When we step into the Azul Restaurant at the Sea Breeze Hotel in Christ Church, we are met with the most stunning view of the Caribbean we’ve seen yet. It almost distracts us from the reason that we are here–to see Marcus Samuelsson work some magic in the kitchen. We’ve seen him win “Top Chef Masters” and go knife to knife with the best on the “Iron Chef” and here he is in the flesh, preparing ingredients, lifting pot lids and consulting with his sous chef before his cooking demo begins. He’s purposeful, but laid-back in his white t-shirt emblazoned with the logo of his hot Harlem restaurant, Red Rooster, with red high-top Chuck Taylor’s. We anxiously await good food and any pearls of wisdom about good food. Samuelsson doesn’t disappoint.

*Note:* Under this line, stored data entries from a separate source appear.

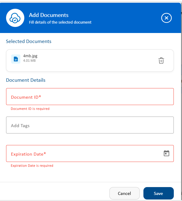 After browsing the document--> click on next --> There will be alerts for Doc ID and Expiration date field.
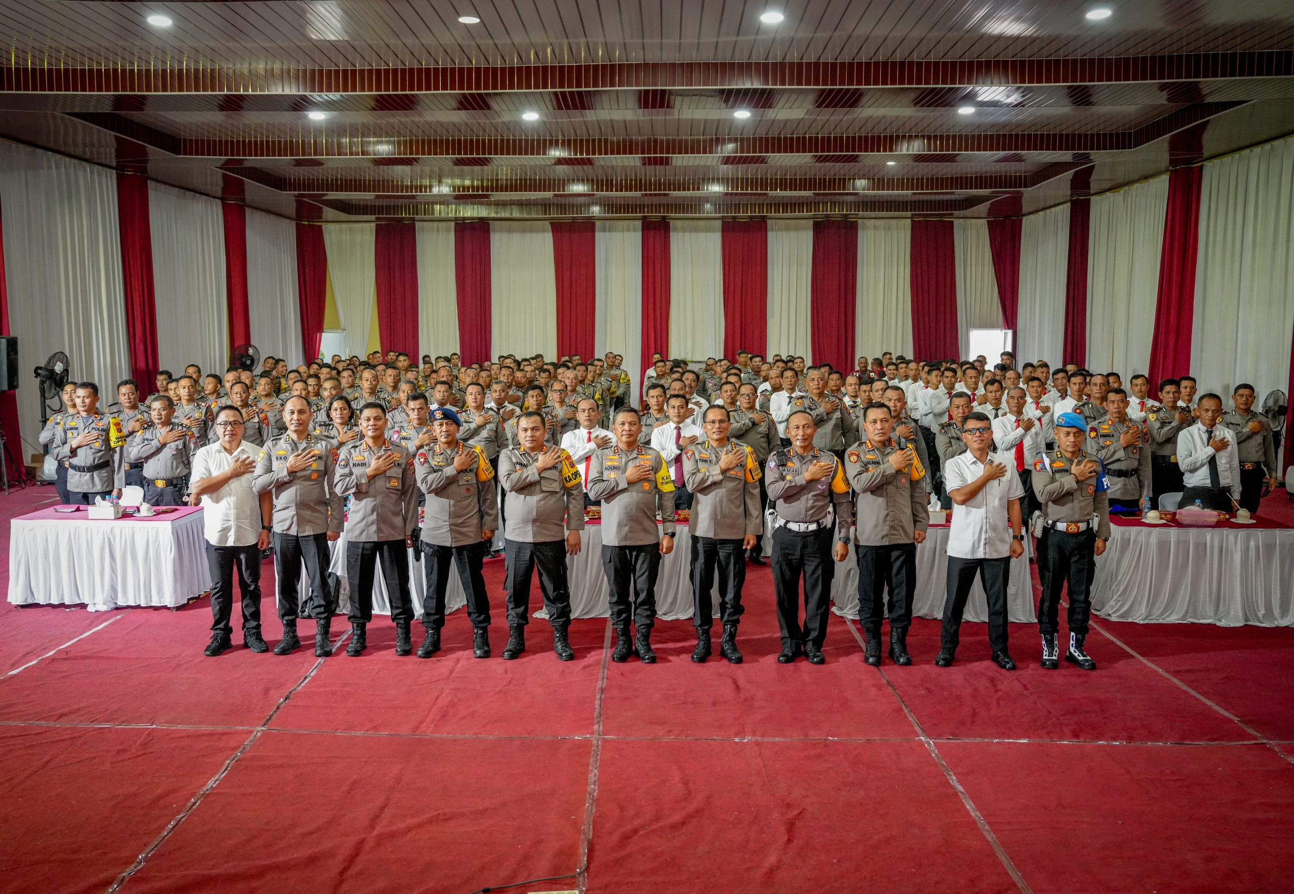 Kapolda Sumut, Irjen Pol Agung Setya Imam Effendi, memberikan arahan serta motivasi kepada seluruh personel Polres Langkat dalam kunjungan kerjanya, Senin (27/5).
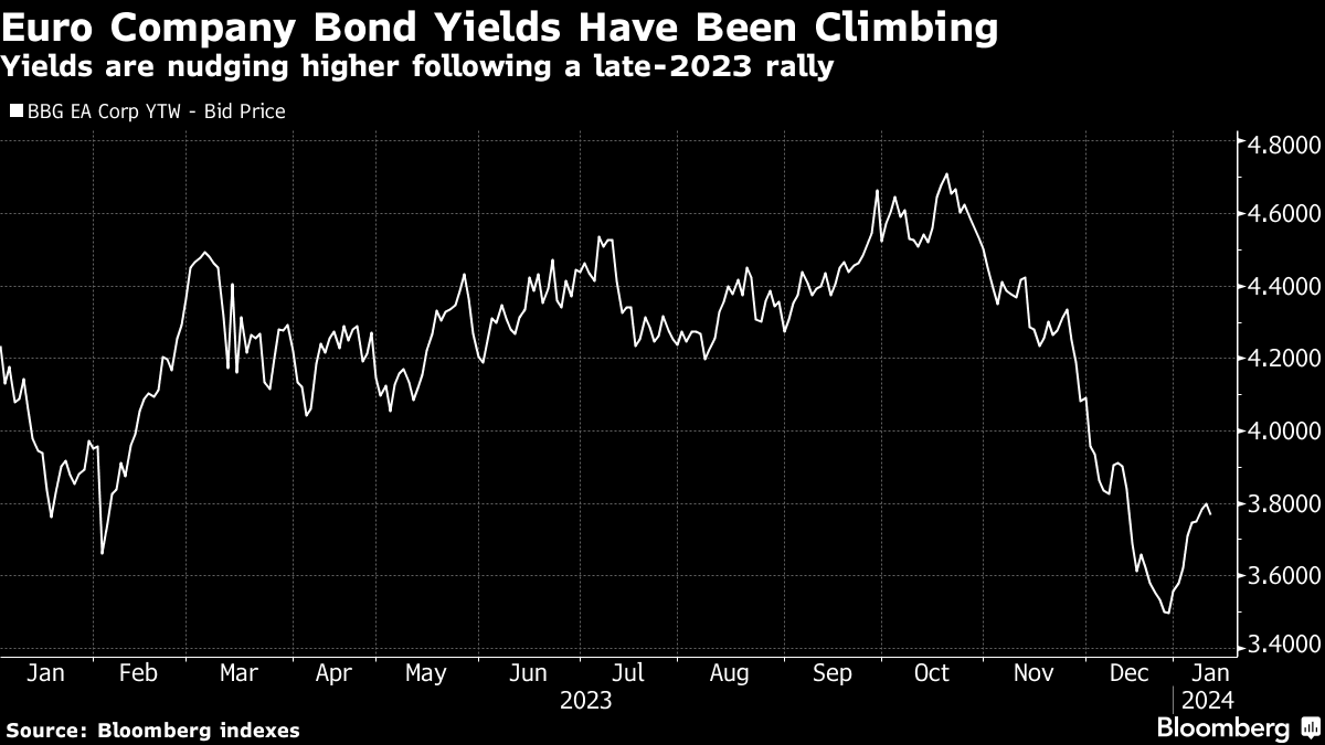 Average yields on euro-denominated company bonds have risen to about 3.7% in a slight unwind of 2023's late-year rally, when spreads plunged as expectation grew for multiple rate cuts this year.
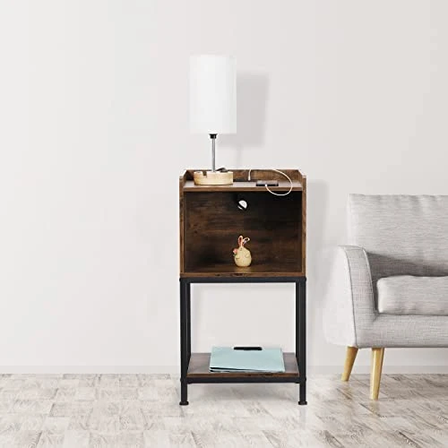 - 【Rustic Style & Vintage Design】The matte black metal frame represents the industrial style, while the brown wood panel represents the retro design, a perfect pick for your bedroom, living room, home office, it can be used as a bedside table, couch table.
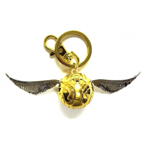 Produced in 2016 is this 5″ wide colored metal pewter keychain/keyring that features the golden Snitch from the game of Quidditch as seen in the Harry Potter movies and depicted in the books. This is a mint, unused keychain/keyring stored in a smoke and pet free environment.

He starts by toasting the bun for a simple fish sandwich with a bit of butter in a pan. He says it is little things like this than can make a dish special and that taking care can be one of the most important ingredients in a dish. Taking care becomes a theme in his demo. Taking care to choose the best quality meats. Taking care not to waste food. (He drops the statistic that if people in developing countries stopped throwing out 5 percent of what they eat it could stop world hunger.) Taking care to make vegetables more palatable to our children. It occurs to me that maybe Marcus Samuelsson is something more than a chef. He’s like an evangelist for eating healthfully without sacrificing taste and he’s not too preachy about it. I think I can manage toasting a bun for a fish sandwich, but the crispy fried capers he’s adding may be a bit out of my league. Gai managed to score a seat in the front row and get the first bite of the fish sandwich. She looks like she’s in heaven.

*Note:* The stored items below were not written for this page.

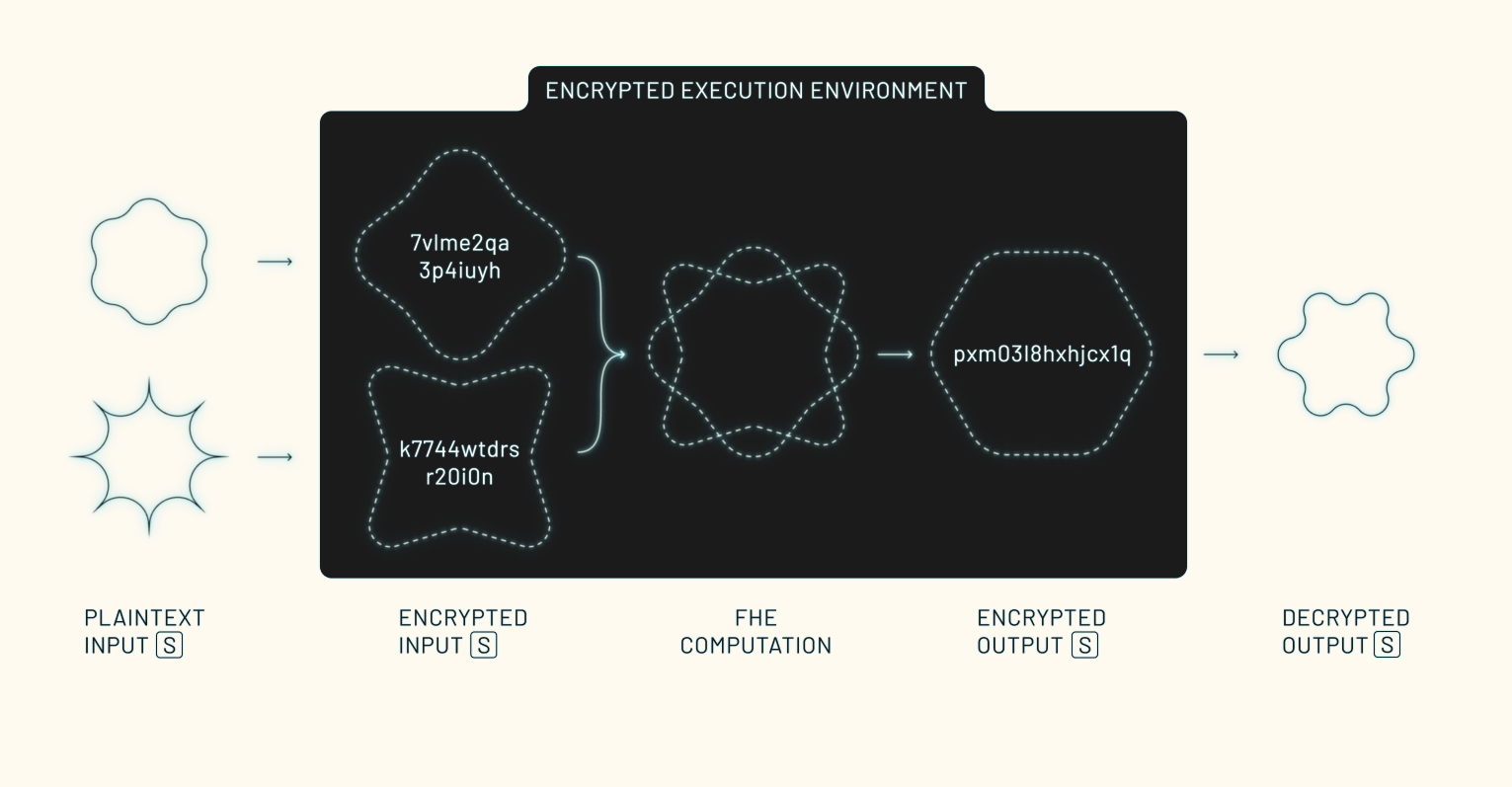 - Private inputs: Data stays encrypted at every stage (submission, execution, and output generation).
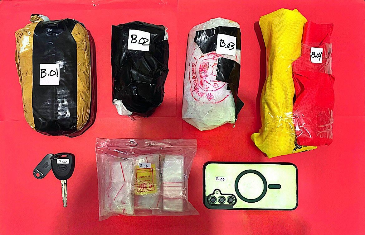 Dari hasil penggeledahan badan, rumah, dan kendaraan, petugas menemukan 3 paket besar diduga sabu dengan berat bruto 2,085 kilogram, 1 unit HP Samsung A54, dan 1 unit mobil Ayla merah DN 1153 FV.
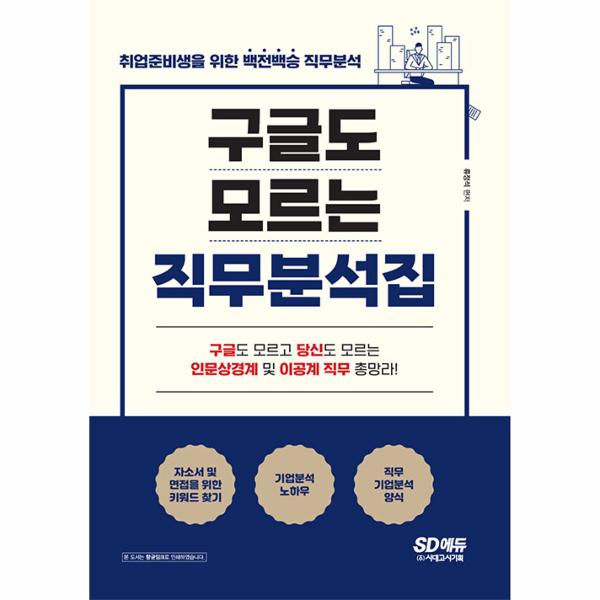 『구글도 모르는 직무분석집』은 인문상경계 직무와 이공계 직무로 나누어 취업준비생들을 위한 다양한 직무를 총망라했다. 인문상경계 스터디와 이공계 스터디에 참여한 스터디원들의 다양한 실제 사례와 직무별 세부 정보, 우수 자기소개서 사례 등을 통해 자신도 몰랐던 스펙이 무엇인지, 본인에게 가장 적합한 직무가 무엇인지, 또 취업 성공을 위해서 과연 무엇을 준비해야 하는지 함께 고민하고 깨닫는 시간이 될 것이다.

My side of the room gets lucky with his second dish, lemon ginger chicken with basamati rice. The skin on the chicken is golden brown and crispy, and the first bite is bursting with tanginess. It is positively yummy. As we taste, he talks about using the remaining chicken carcass for soup or chicken stock to use for future meals. If I made chicken this good I don’t imagine there would be much of a carcass left to re-purpose, but I get his point. Now, Samuelsson seems anxious to get out from behind the island he’s been cooking behind. He wants to answer our questions about cooking. Gai wants to know why restaurant recipes she tries at home don’t taste the same. Samuelson suggests good pots and pans. A cast-iron skillet is a must and using the right amount of heat when cooking. Someone asks about the healthiest oil for frying. He suggests grape seed oil. Another asks the best the way to tell is your meat is really organic. He says you can’t, really. But you should develop a relationship with your butcher and find out where he’s sourcing his meat. Someone else asks where he likes to eat in Barbados and he says Oistins, entreating others to go and enjoy the local food and culture. I find myself liking the guy, especially watching him take care with his fans, signing books and posing for photos.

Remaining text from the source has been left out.